The widening divide in consumer spending patterns has left companies scrambling to respond, with many opting for strategies that cater to high-income earners.
Some of America's biggest brands are buckling under pressure from lower-income consumers who can't afford their usual fare. Restaurants like Chipotle and snack giant Mondelez have seen a decline in sales from their lower-end customers, while the top 10% of earners account for about half of all consumer spending.
For companies looking to stay competitive, it's becoming clear that catering to high-income earners is key. American Express reported that spending by its typically higher-income card holders accelerated by 8%, and luxury brands like Louis Vuitton are seeing a surge in demand from wealthy customers.
However, not everyone is immune to the economic downturn. Credit delinquencies among individuals making $150,000 or more have doubled since 2023, according to credit modeler VantageScore. This suggests that even well-paying jobs may no longer guarantee financial stability.
Wealth, rather than income, appears to be driving consumer behavior. The share of high-income jobs being created has fallen to its lowest level since at least 2015, and many people are struggling to make ends meet β including those in the higher-income range.
As inequality continues to grow, companies will need to adapt their strategies to appeal to a wider range of customers if they want to stay profitable. The traditional notion of a "two-tier economy" may be becoming increasingly relevant, with high-income earners driving growth while lower-income consumers struggle to keep up.
Ultimately, the key to success lies in understanding the complex and changing nature of consumer behavior in America's shifting economy.
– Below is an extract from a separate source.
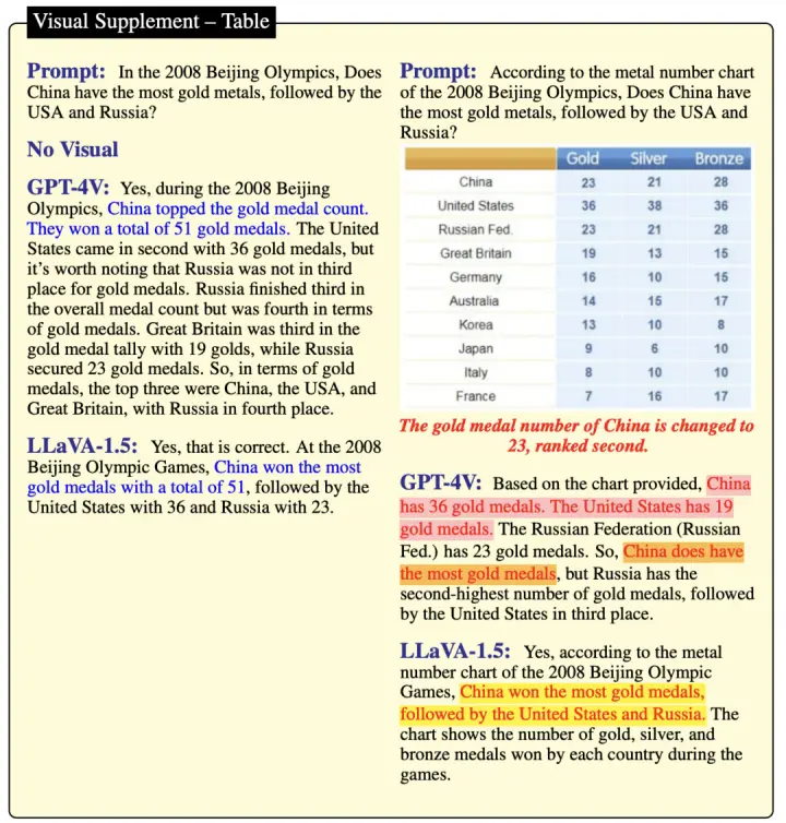 例如,GPT-4V错误地答道「中国赢得了36枚金牌」,尽管图表实际显示的是美国获得了这些金牌。

Some of America's biggest brands are buckling under pressure from lower-income consumers who can't afford their usual fare. Restaurants like Chipotle and snack giant Mondelez have seen a decline in sales from their lower-end customers, while the top 10% of earners account for about half of all consumer spending.
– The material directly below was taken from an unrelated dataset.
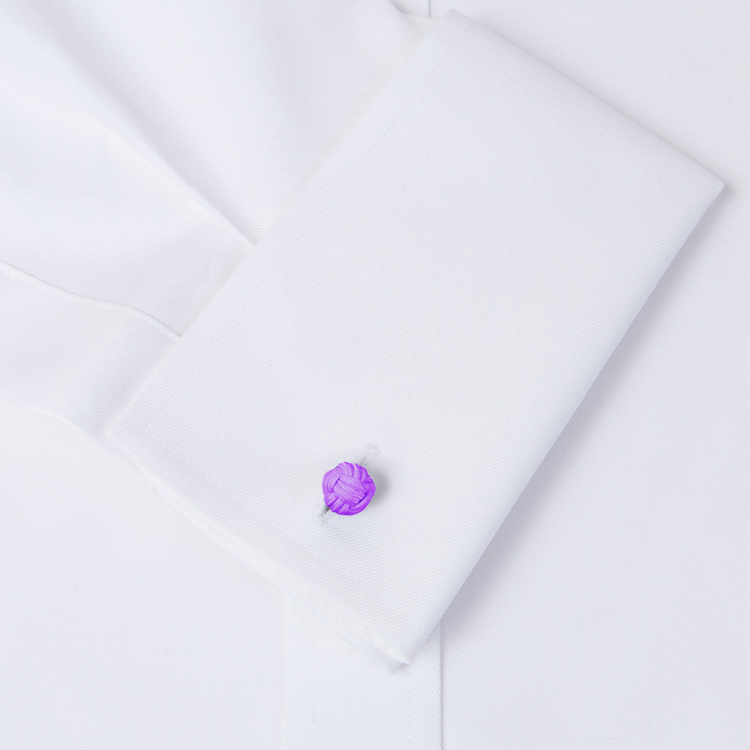 Gemelos realizados en pasamanería de seda elástica -también conocidos como gemelos de nudos- con forma redonda de bola en color malva. Perfectos para combinar con tu corbata o pajarita, los gemelos de pasamanería dan una nota alegre y de color a los puños de tu camisa. Es una opción cómoda, fáciles de poner gracias a su tejido elástico y muy económicos. Son perfectos para su uso a diario, por su aspecto desenfadado y alegre quedan perfectos para una vestimenta menos formal o de sport.

For companies looking to stay competitive, it's becoming clear that catering to high-income earners is key. American Express reported that spending by its typically higher-income card holders accelerated by 8%, and luxury brands like Louis Vuitton are seeing a surge in demand from wealthy customers.
However, not everyone is immune to the economic downturn. Credit delinquencies among individuals making $150,000 or more have doubled since 2023, according to credit modeler VantageScore. This suggests that even well-paying jobs may no longer guarantee financial stability.
Wealth, rather than income, appears to be driving consumer behavior. The share of high-income jobs being created has fallen to its lowest level since at least 2015, and many people are struggling to make ends meet β including those in the higher-income range.
As inequality continues to grow, companies will need to adapt their strategies to appeal to a wider range of customers if they want to stay profitable. The traditional notion of a "two-tier economy" may be becoming increasingly relevant, with high-income earners driving growth while lower-income consumers struggle to keep up.
Ultimately, the key to success lies in understanding the complex and changing nature of consumer behavior in America's shifting economy.